AI analyses historical traffic patterns to pre-scale services before load spikes.

Tool: Kubernetes + Kubeflow Pipelines
Kubeflow is an ML toolkit for Kubernetes — runs ML workflows alongside services

AI-Assisted Fault Tolerance

AI models predict which service instances are likely to fail before they do, triggering preemptive migration.

Input: CPU trend, memory growth rate, error rate over last 10 minutes
Output: probability of failure in next 15 minutes → if > 0.8, migrate load

Seldon Core — AI Model Serving as a Microservice

Seldon Core extends Kubernetes to serve ML models as REST/gRPC services with the same lifecycle as any other microservice (canary deployments, A/B testing, traffic splitting).

# Seldon Deployment — serve a scikit-learn model
apiVersion: machinelearning.seldon.io/v1
kind: SeldonDeployment
metadata:
  name: risk-predictor
spec:
  predictors:
  - name: default
    graph:
      name: risk-model
      implementation: SKLEARN_SERVER
      modelUri: gs://my-bucket/risk-model
    replicas: 2
    traffic: 100

When to use Seldon Core: When you have a custom ML model (not a foundation model) that needs to scale, version, and update independently.
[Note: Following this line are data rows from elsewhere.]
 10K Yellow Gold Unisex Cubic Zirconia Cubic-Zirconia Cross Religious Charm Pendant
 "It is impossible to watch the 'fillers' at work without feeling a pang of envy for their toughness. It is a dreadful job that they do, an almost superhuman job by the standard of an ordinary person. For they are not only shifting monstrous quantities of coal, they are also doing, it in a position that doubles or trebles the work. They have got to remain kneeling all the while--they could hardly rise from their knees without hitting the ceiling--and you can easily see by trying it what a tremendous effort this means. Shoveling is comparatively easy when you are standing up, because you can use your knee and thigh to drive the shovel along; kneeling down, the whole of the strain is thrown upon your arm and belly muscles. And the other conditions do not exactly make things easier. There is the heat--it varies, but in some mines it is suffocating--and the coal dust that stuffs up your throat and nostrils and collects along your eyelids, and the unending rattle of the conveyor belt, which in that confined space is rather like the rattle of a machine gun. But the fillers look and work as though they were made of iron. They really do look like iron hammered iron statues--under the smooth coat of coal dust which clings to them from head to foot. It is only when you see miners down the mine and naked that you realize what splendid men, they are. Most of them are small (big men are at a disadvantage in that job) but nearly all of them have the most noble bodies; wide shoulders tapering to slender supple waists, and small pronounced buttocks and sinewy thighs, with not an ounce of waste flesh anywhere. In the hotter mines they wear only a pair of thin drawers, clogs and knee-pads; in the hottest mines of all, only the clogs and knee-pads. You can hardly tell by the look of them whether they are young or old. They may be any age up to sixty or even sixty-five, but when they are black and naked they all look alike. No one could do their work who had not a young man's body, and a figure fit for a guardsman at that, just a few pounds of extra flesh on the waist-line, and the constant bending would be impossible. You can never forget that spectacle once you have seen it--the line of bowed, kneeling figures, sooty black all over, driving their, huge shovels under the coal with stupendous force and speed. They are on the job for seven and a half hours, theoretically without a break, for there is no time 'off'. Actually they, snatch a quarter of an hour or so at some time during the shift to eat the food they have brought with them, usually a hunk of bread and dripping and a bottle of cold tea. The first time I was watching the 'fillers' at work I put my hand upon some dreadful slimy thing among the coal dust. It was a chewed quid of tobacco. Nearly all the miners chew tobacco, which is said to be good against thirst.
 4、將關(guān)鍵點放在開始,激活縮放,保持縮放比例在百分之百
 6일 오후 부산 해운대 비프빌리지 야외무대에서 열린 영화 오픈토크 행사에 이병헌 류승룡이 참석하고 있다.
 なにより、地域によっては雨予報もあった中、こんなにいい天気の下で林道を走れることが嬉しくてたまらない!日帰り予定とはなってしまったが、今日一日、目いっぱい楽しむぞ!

Wiring AI Metering in a Microservices Context

In a distributed system, metering must still be centralised (at the AI Service). Services must not try to record their own token usage.
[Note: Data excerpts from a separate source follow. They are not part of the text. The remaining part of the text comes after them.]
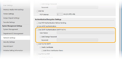 Якщо ви налаштували SMTP-автентифікацію (SMTP AUTH), ідентифікація користувача за його ім’ям і паролем виконується під час надсилання електронного листа або інтернет-факсу.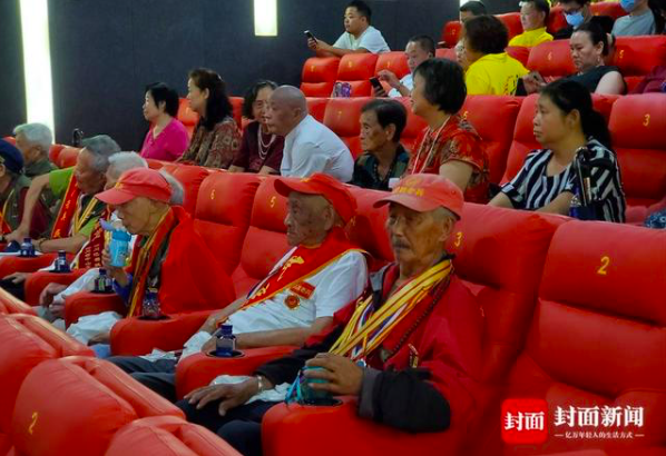 李圣言(前排右一)近期同战友一同看抗战题材电影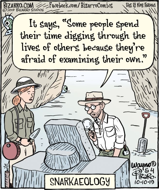 Archaeologists uncover wisdom carved in stone: diggers of dirt often avoid digging into themselves. Sharp social commentary disguised as a pun.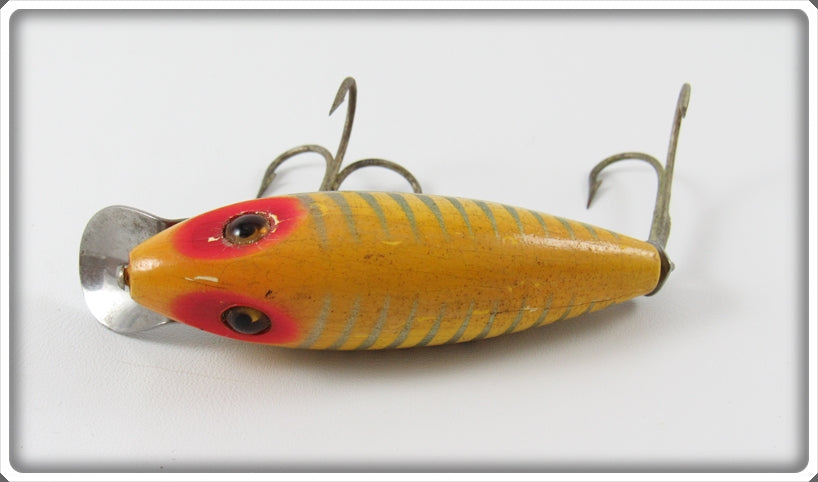 This is a nice old Heddon Yellow Shore 110 River Runt lure # 119XRY that was sold on Tough Lures! Vintage and antique fishing lures are added for sale often so keep checking back! I buy old lures so feel free to contact me if you have any to sell.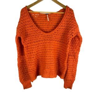 Free People Crashing Waves Pullover Wool Blend Oversized Sweater Orange Size XS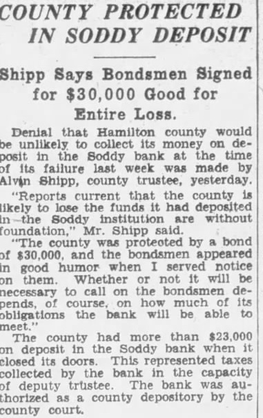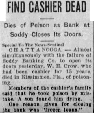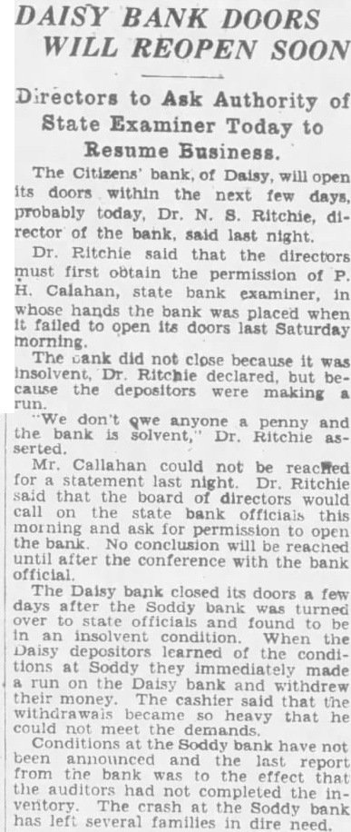 BANK CLOSES DOORS the excitement and heavy withdrawls occasioned by the failure the Soddy the Citizen's bank of Daisy, 15 miles from Chattanooga, closed its doors about noon failed to bank Officials declare the closing only and was done to protect the bank against run. The State bank examiner at work on the books of the elosed Soddy bank called to inspect the books of the Daisy bank.
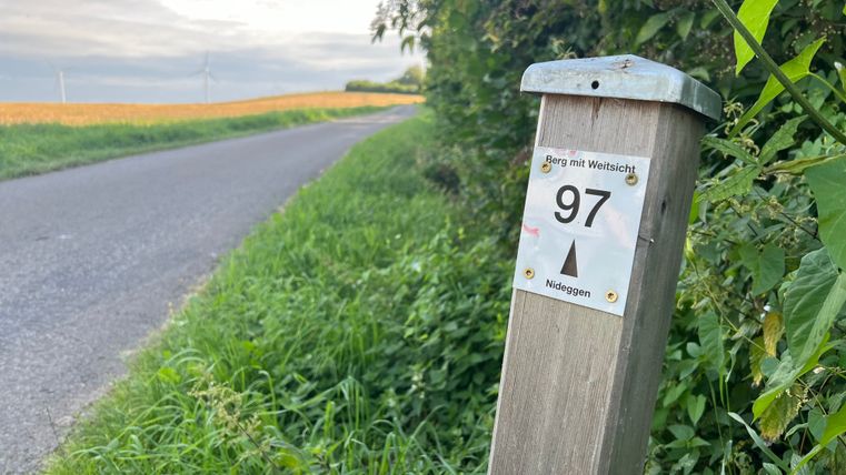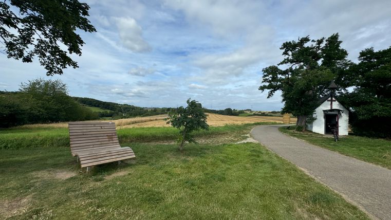 First you reach the Bördeblick "Zum Breidel" with a magnificent view over Zülpich into the Rhine Valley as far as the Siebengebirge mountains, if the air is clear enough. The small village of Muldenau lies on your left along the ridge until you reach the Galgenberg and the beautiful Antonius Chapel. The route takes you slightly downhill into the Neffelbach valley along the Gödersheimer Mühle mill and back up to the edge of the village of Berg. You can shorten the route here, but you will miss the Klemensstock with its views of the Rhine and Rur valleys.

Rule: The AI Service is the sole writer to ai_usage_log. All other services are readers (for their own tenant/user data via the usage API).

finance-service  ──┐
enrollment-service ├── POST /ai/complete → AI Service writes to ai_usage_log
report-service   ──┘

admin-service → GET /ai/usage?tenant_id=42&period=2026-04 → AI Service reads usage

Usage API in the AI Service:

GET /ai/usage?tenant_id=42&period=2026-04&group_by=user
→ { "period": "2026-04", "users": [ { "user_id": 101, "calls": 82, "tokens": 14500, "cost_usd": 0.0234 } ] }

GET /ai/usage/tenants?period=2026-04   (super-admin only)
→ [ { "tenant_id": 42, "tier": "growth", "budget_usd": 10.00, "spent_usd": 3.21, "pct_used": 32.1 } ]
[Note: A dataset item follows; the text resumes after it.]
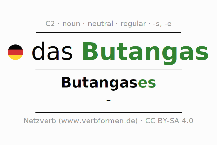- Singular: das Butangas, des Butangases, dem Butangas(e), das Butangas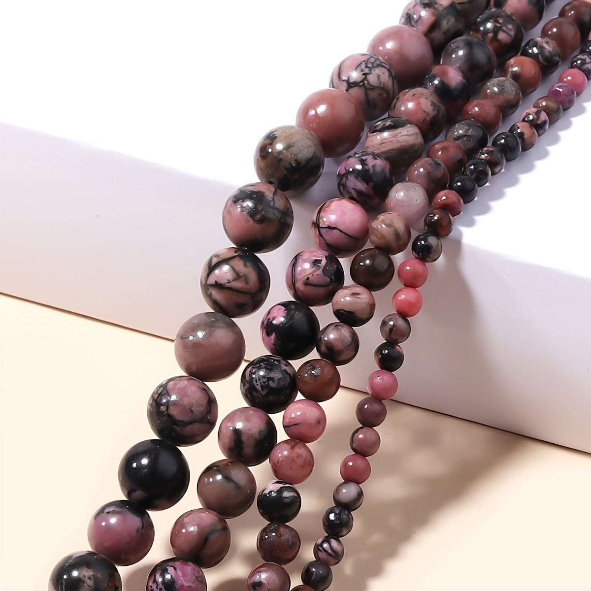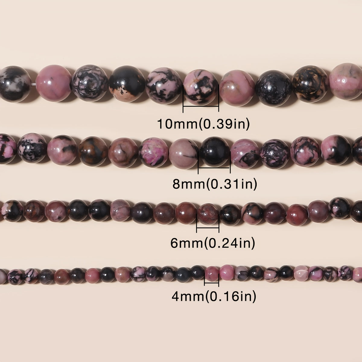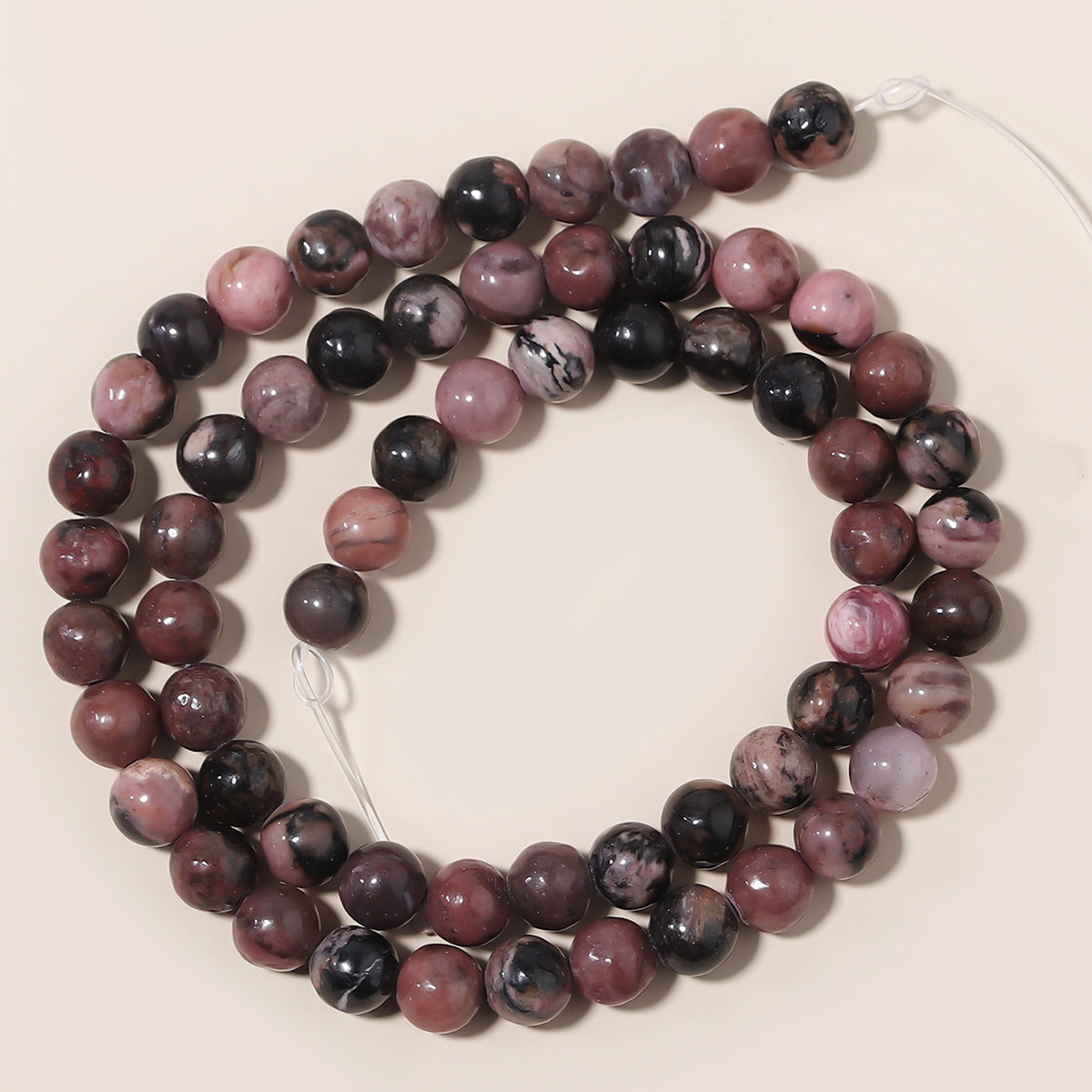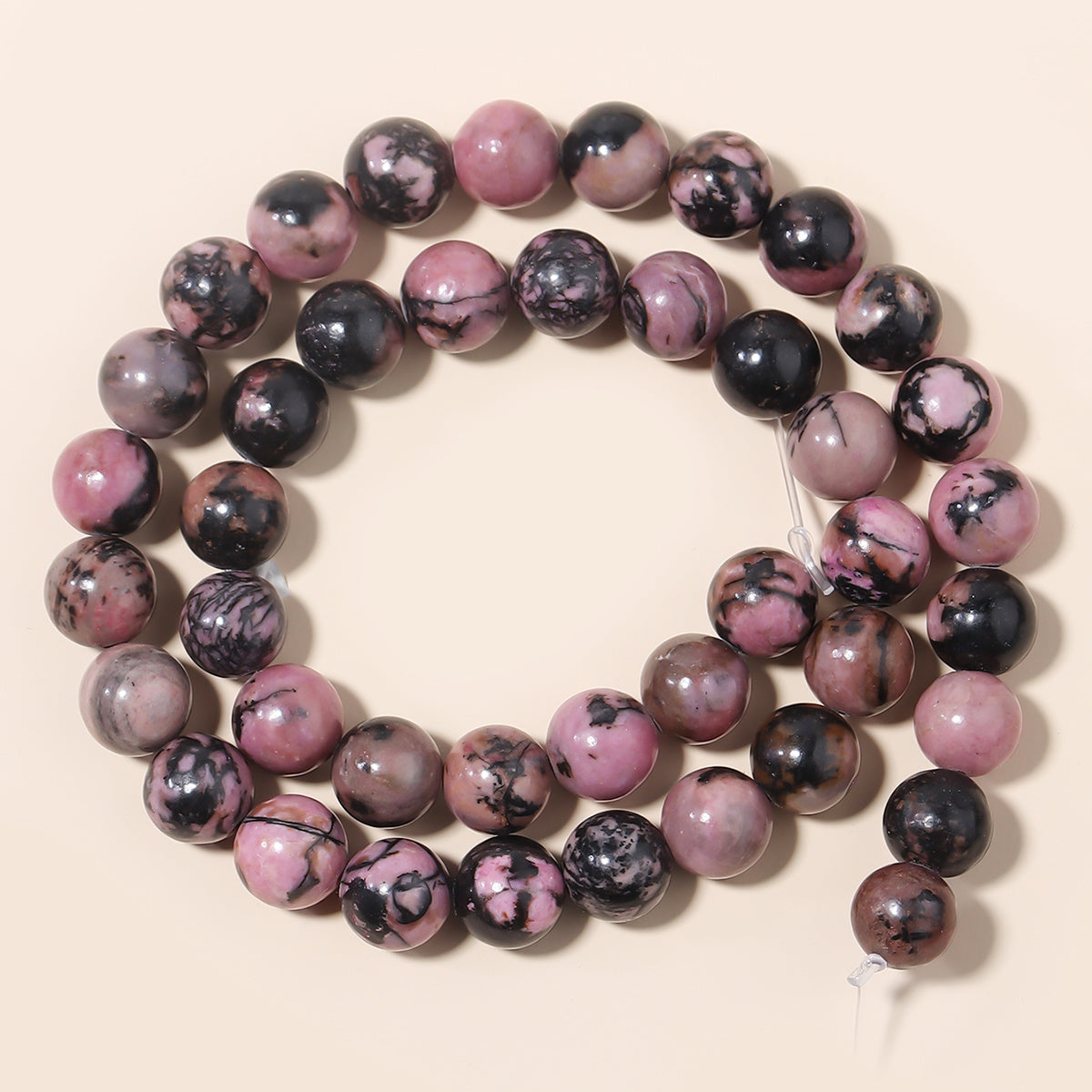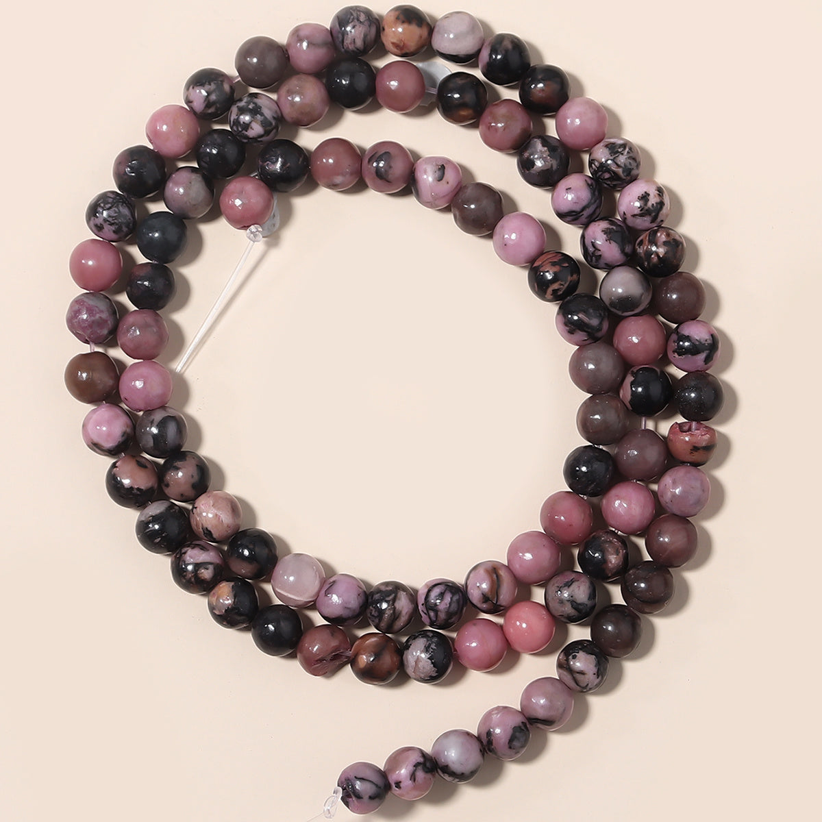 These natural rhodonite beads are perfect for creating unique jewelry pieces. Use them in bracelets, necklaces, or other needlework projects.

Resilience for the AI Service

The AI Service is a critical dependency. Apply extra resilience:

Circuit breaker on the AI Service itself at the gateway level.
Queue-based fallback: If AI Service is down, synchronous callers get a 503 immediately; async callers' jobs remain in queue and are processed when service recovers.
Provider failover: If primary AI provider (Anthropic) is unreachable, automatically fall back to secondary (OpenAI or DeepSeek) — log the switch to the audit log.
Budget hard stop: Never retry a request that failed with 402 Budget Exceeded — the budget is not a transient error.